Biosecurity and the Governance of Emerging Technology: The Role of S&T Reviews Within the BWC

A three-year project funded by the UK Economic and Social Research Council (ESRC) to investigate the process of S&T reviews within the BWC context and assess alternative proposals and options to improve this process.

Biosecurity and the Governance of Emerging Technology: The Role of Science and Technology Reviews within the Biological Weapons Convention

The 1972 Biological Weapons Convention (BWC) prohibits the acquisition or retention of biological weapons. In order to assure the purposes of the Convention are being realised, it has become an established practice for States Parties to meet every five years to review the operation of the BWC, taking into account any relevant new scientific and technological developments.

Since 1972, changes in science and technology, combined with a transformation in perceptions of security and risk, have generated questions over the extent to which the current process of reviewing developments in science and technology is fit for purpose.

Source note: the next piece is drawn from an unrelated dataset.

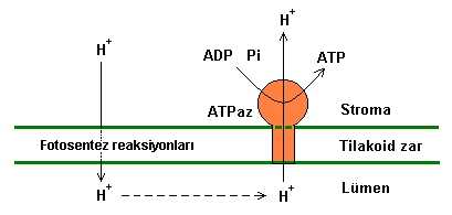 Stromadan plastokinon (PQH) ' a gelen hidrojen, yine plastokinon üzerinden lümene geçer.Plastokinon burada H (+) iyonunu ileten bir mekik görevi üstlenmiştir.H (+) iyonları lümene geçtikten sonra aşağıdaki şekilde gösterildiği gibi ATP sentezlenir.

To examine this issue, the Harvard Sussex Program on Chemical and Biological Weapons is leading a project designed to investigate the process of Science and Technology (S&T) Review within the BWC. The project seeks to understand what process is currently employed by States Parties to review S&T developments of relevance to the Convention and examines proposals and other options for improving this process, taking into consideration their technical and political feasibility in the multilateral context of the BWC. Four key questions have been identified to achieve this objective:

1. How are new scientific and technological developments of relevance to the BWC currently taken into account in the process of reviewing the operation of the Convention?

2. Does this process fulfil the requirement of assuring the purposes of the Convention are being realised?

3. What proposals and other options are available to review scientific and technological developments of relevance to the Convention?

4. Which of these proposals or other options, if any, could feasibly be employed to improve the process by which new scientific and technological developments are taken into account in the review of the operation of the Convention?

People involved in the project

The project team is Caitriona McLeish (PI) Paul Nightingale (co-I), Kai Ilchmann and James Revill.